The journey to healing is an interesting one. I started on my path a few years ago, and as I make my way through this ongoing process, I often find myself thinking about everything that has brought me to this point.
I was stuck for a long time. Stuck in some kind of limbo between living and existing. I was trying to live, but the barriers of my past kept me from reaching my full potential. I was going through my days in a fog, feigning enthusiasm for things that no longer interested me, investing everything in my children and their activities. I would tell myself that I was a parent now and my main focus was to give my children everything they needed. And I will never, ever regret that because they were my only source of joy for a very long time. But by focusing on what they needed, I didn’t have to pay any attention to what I needed. I was making my way numbingly through each and every day…work, feed the family, take the kids to baseball, evening chores, watch TV and go to bed…day after day after day.
When I look back on that time with the ‘healed perspective’ that I have now, I realize that the numbness I was feeling had a lot to do with the fact that I had spent my entire life in fight or flight mode. I do not remember a time when I ever truly felt safe. No wonder I wasn’t feeling anything. I was trapped in what you might call a ‘pain loop’; not healing, but not knowing how to move forward. And the pain that I was feeling was the pain of my inner child. She had been through so much, but I had never acknowledged her grief. I needed to reach that point where I could stop and admit that I needed to unlearn everything I had learned in my childhood. I needed to be able to tell myself that its ok to have feelings, its ok to talk about problems and its ok to ask for help. I had to review what I had learned about relationships. I had to learn that its ok to be a strong woman; that I didn’t have to be submissive to my male counterpart, and sex is not a bad thing. I wouldn’t be able to feel the grief of my inner child until I was able to recognize that a lot of the things that she had experienced did not have to be accepted as ‘just a part of life.’
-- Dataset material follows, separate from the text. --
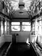 客車の室内。イスはビニール張り。ハンドブレーキが妻面に見える。
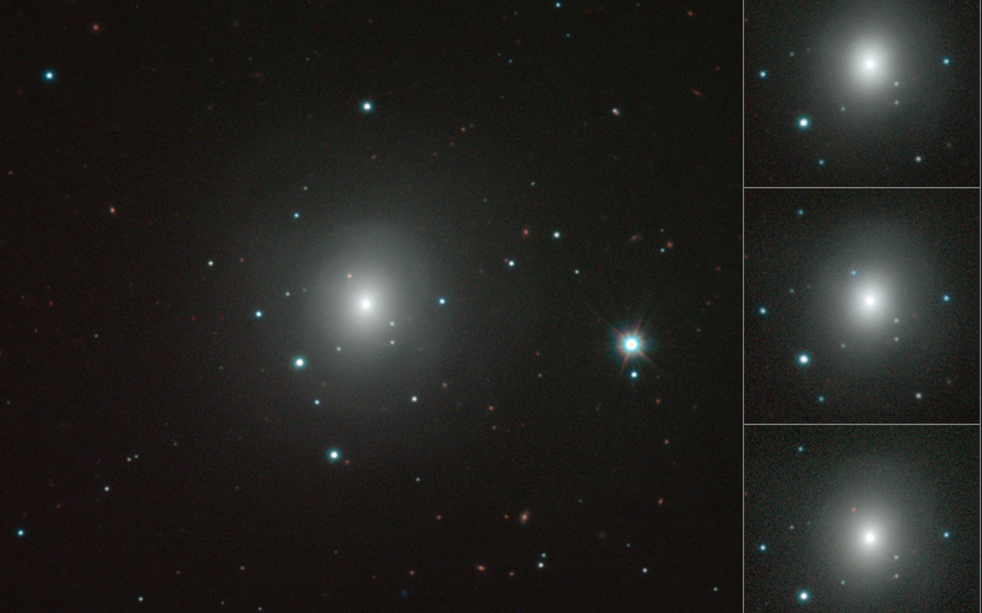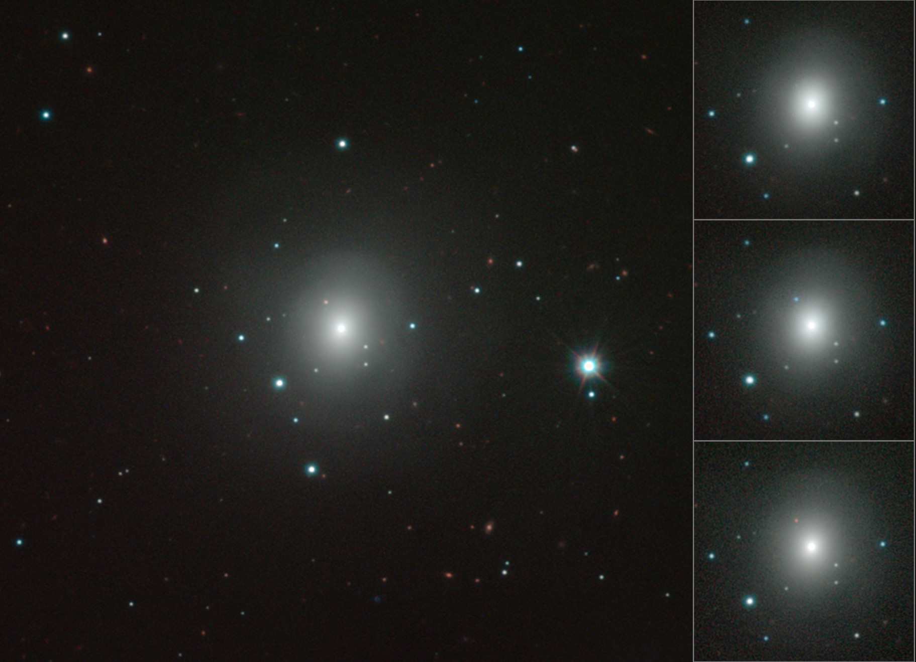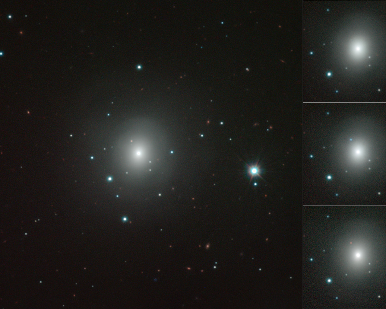 Mozajka snímků galaxie NGC 4993 a měnící se kilonovy pořízených dalekohledem ESO/VISTA

So how did I do that? Well…first I learned was that learning new lessons is NOT the difficult part; its UNlearning the old lessons that kicks you in the ass. I had to be willing to go deep. I had to be willing to open up and recognize that the things that happened to me were not ‘normal.’ I had to admit to yourself that maybe the significant people in my life were not always right and didn’t always do the right things for me. That was hard because these were people I loved and respected. But I had to remind myself that realizing that they made mistakes is not disrespecting them; rather, it was giving me the chance to finally respect myself.
I also had to be prepared to be truly honest with myself and look at my life through someone else’s eyes. Journalling was a huge thing for me. I just randomly wrote down everything that came to mind. I didn’t think about it, I didn’t judge it, I just wrote it down. I filled pages and pages with memories from my childhood. My seemingly ‘normal’ childhood. And then I sat down and read them all. But when I read them, I tried to read them as if I were reading my best friend’s journal. How would I feel about these stories if they weren’t about me? What emotions would come through for me if my best friend were telling me about these things that had happened to her? And when I was able to see it from another perspective, I had a ‘holy shit!’ moment. This person I was reading about had been through a lot of pain and unfairness in her life…and for the first time it hit me that this person was me.
The next step to me was to learn to feel. I had to feel the pain of my inner child. I had to cry every tear she never shed; and I had to speak every word she wanted to say but didn’t. I had to feel the anger, and the fear and the loneliness that she buried because she deserved the chance to feel all of it and know that it was real. Just recently I spent almost an entire Breathwork session sobbing because I felt such profound sadness for this little girl. I had to show her the compassion that she had never been shown so that I could let her go. It’s almost like I had to see that damaged inner child as a separate person and allow her to pass on to a better place. She’s been through enough. I mourned her loss as if I were mourning for my closest friend. But at the same time, I felt such a huge sense of relief as I knew it was finally time for her to rest.
The most amazing thing about my inner child though: she is like a Phoenix. She rises from the flames and is reborn as a stronger, fiercer version of her previous self. This version is filled with hope. There is a better, more joyful way to live life and she wants it. She wears the pain and lessons of her previous self like badges of honour; knowing that they are the gifts that have made her the amazing woman that she is today. She is grateful for each and every step she has taken on this journey; and the further down the path she walks the more her vision of a brighter future expands. And she…is me.